*** RECORDED INFORMATION Section Begins ***

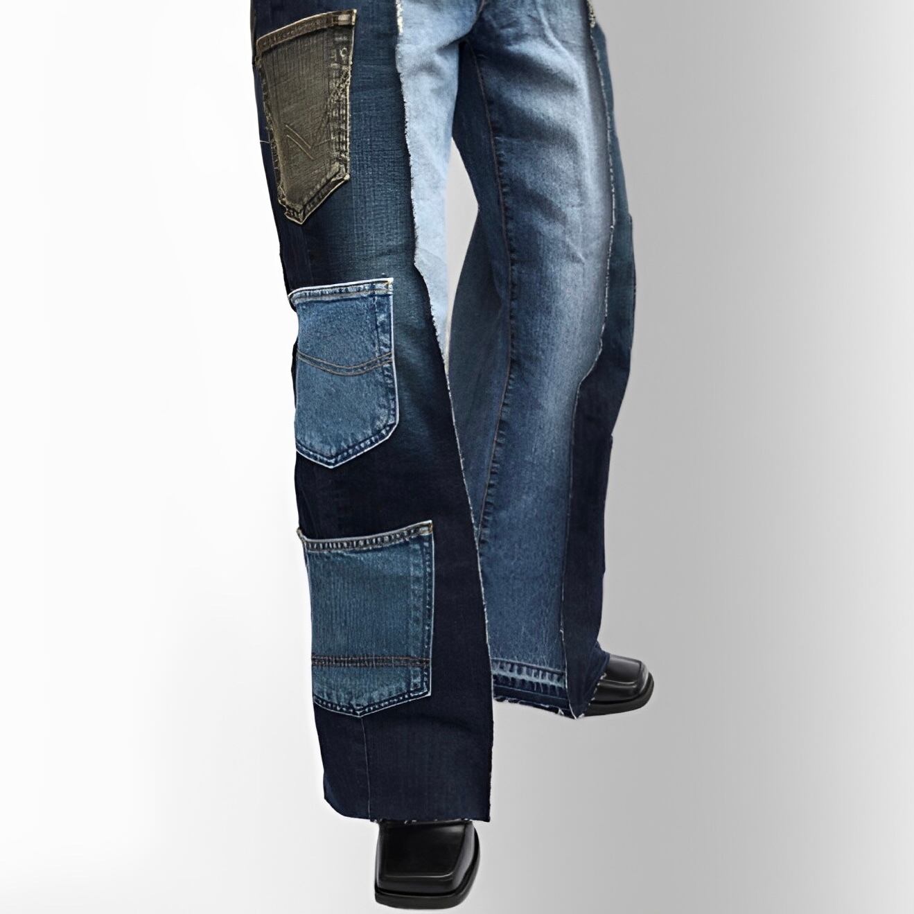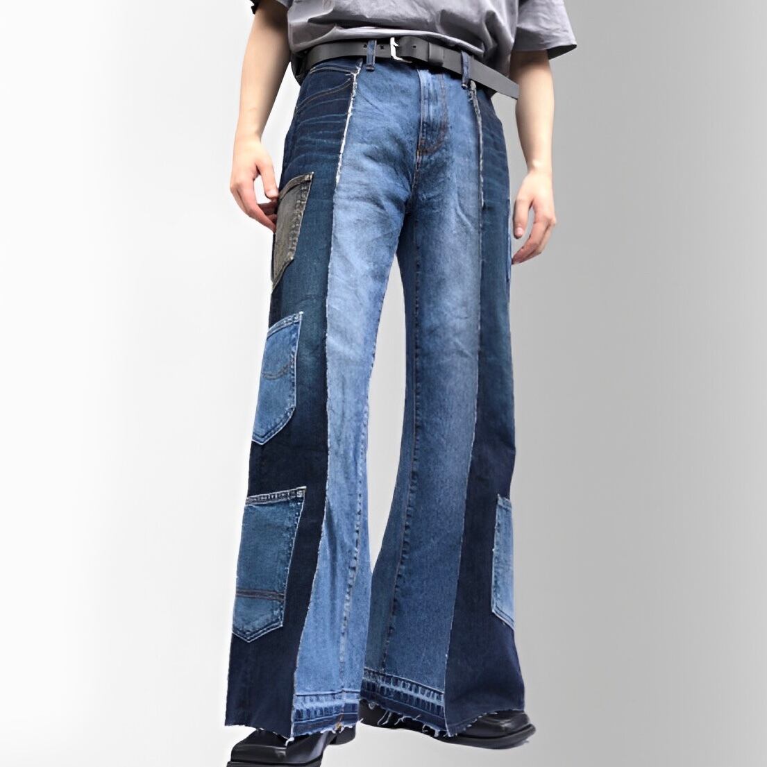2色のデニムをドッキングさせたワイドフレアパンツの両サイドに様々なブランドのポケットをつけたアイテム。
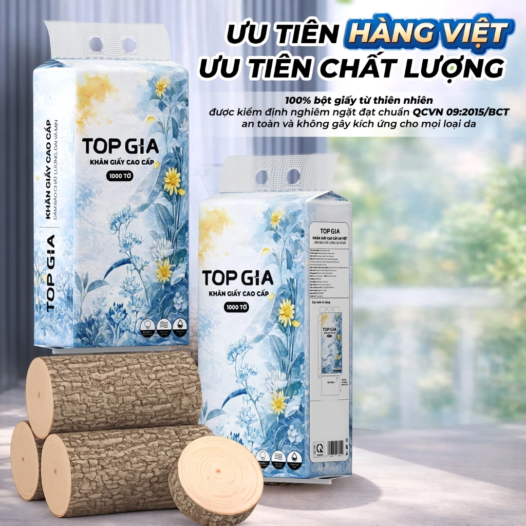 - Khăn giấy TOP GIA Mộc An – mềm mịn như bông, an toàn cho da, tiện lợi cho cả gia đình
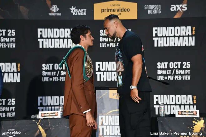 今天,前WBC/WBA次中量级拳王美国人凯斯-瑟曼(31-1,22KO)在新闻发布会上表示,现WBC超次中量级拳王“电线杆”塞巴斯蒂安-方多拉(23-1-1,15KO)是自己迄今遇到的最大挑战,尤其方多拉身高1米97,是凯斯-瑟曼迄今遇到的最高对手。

*** RECORDED INFORMATION Section Ends ***
*** RECORDED INFORMATION Section Begins ***

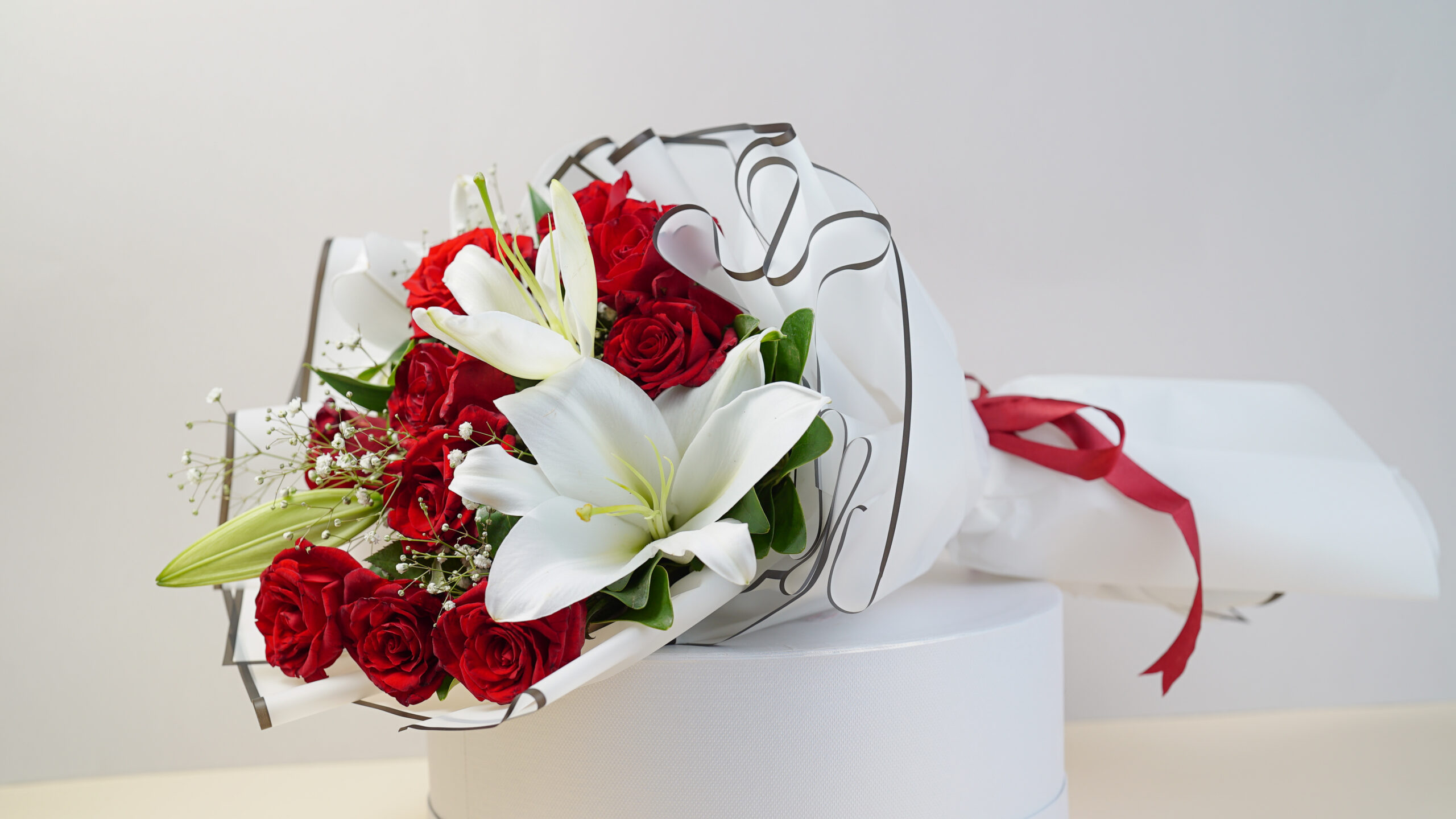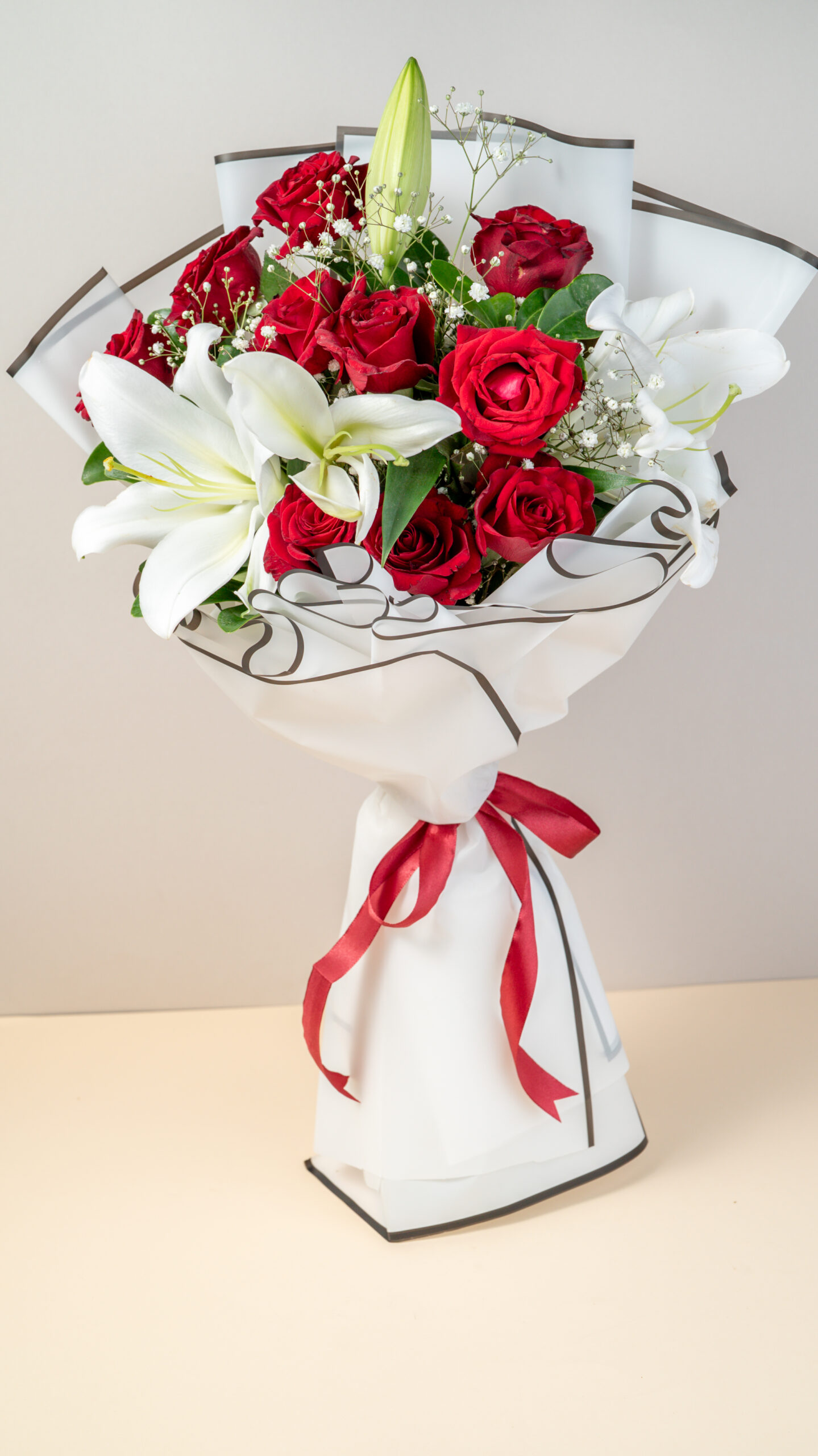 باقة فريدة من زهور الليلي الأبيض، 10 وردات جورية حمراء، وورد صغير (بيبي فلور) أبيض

*** RECORDED INFORMATION Section Ends ***

■ WORK ORDER:
Having found the line with "- Khăn giấy" and the line with "今天,前WBC/WBA次中量" in the material above, write out exactly those two and every line between, leaving the pictures out.

■ ANSWER:
 - Khăn giấy TOP GIA Mộc An – mềm mịn như bông, an toàn cho da, tiện lợi cho cả gia đình
 今天,前WBC/WBA次中量级拳王美国人凯斯-瑟曼(31-1,22KO)在新闻发布会上表示,现WBC超次中量级拳王“电线杆”塞巴斯蒂安-方多拉(23-1-1,15KO)是自己迄今遇到的最大挑战,尤其方多拉身高1米97,是凯斯-瑟曼迄今遇到的最高对手。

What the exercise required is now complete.